夏目坐在了雪枝的病床邊,靜靜地聽著五條悟和家入硝子的討論,目光停留在雪枝蒼白的臉上。
快點好起來吧,雪枝。
第二天,雪枝是從溫暖明亮的房間里醒過來的,身上的傷都好了,身上還穿著寬大而舒服的睡衣,雪枝在床上愣了足足有一分鐘,昨晚的記憶才慢慢回籠,因為過程太過刺激,雪枝敲了敲自己腦子,覺得自己好像在做夢。
不過記憶好像恢復了不少,至少雪枝記得自己到東京來是為了上學的。
學校好像是咒術高專
但是夏目怎么不見了
醒來的第一眼沒有見到相見的人,雪枝有些失落。
正想著走廊外傳來了竊竊私語的聲音,雪枝從床上下來,輕手輕腳地走了出去,看見幾個少年和一個熊貓聚在一起,不知道在說些什么。

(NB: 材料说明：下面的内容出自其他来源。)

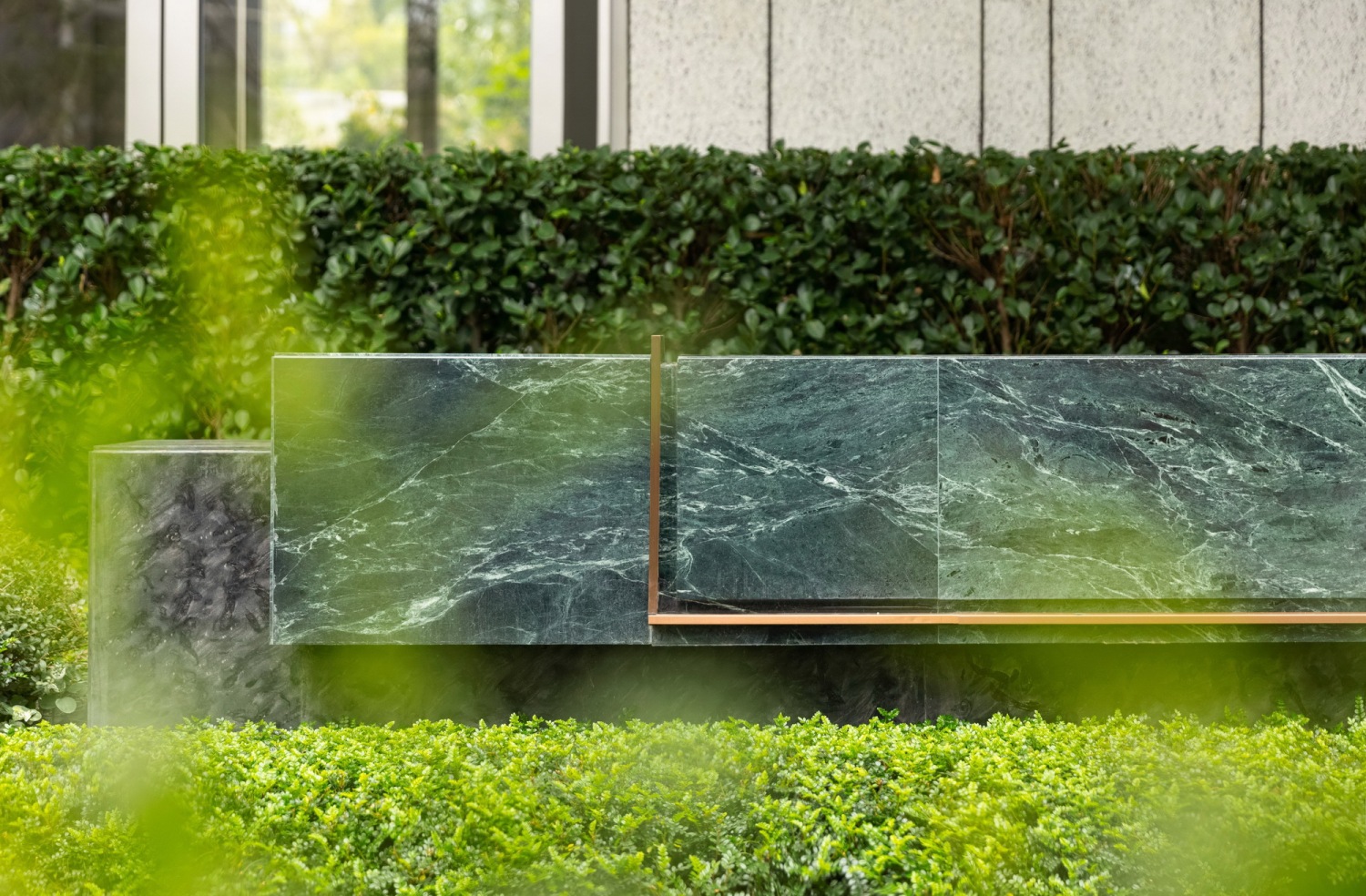 水吧台翡翠理石与电镀金属碰撞,当代工艺将艺术与社区生活相融。园景成为了吧台区域的天然背景,更好的满足了社交场景需求。

其中一個人黑發少年轉身,從嘴里發出“啊”的一聲,“有人。”
然后所有人都轉了過來。
白發藍眼穿著病號服的小女孩和幾個少男少女大眼瞪小眼。
一個扎著馬尾的少女瞪大眼睛納悶地說,“轉學生不是個超級美少女嗎”
“這個小不點是誰難不成轉學生英年早婚”
“蛋黃醬”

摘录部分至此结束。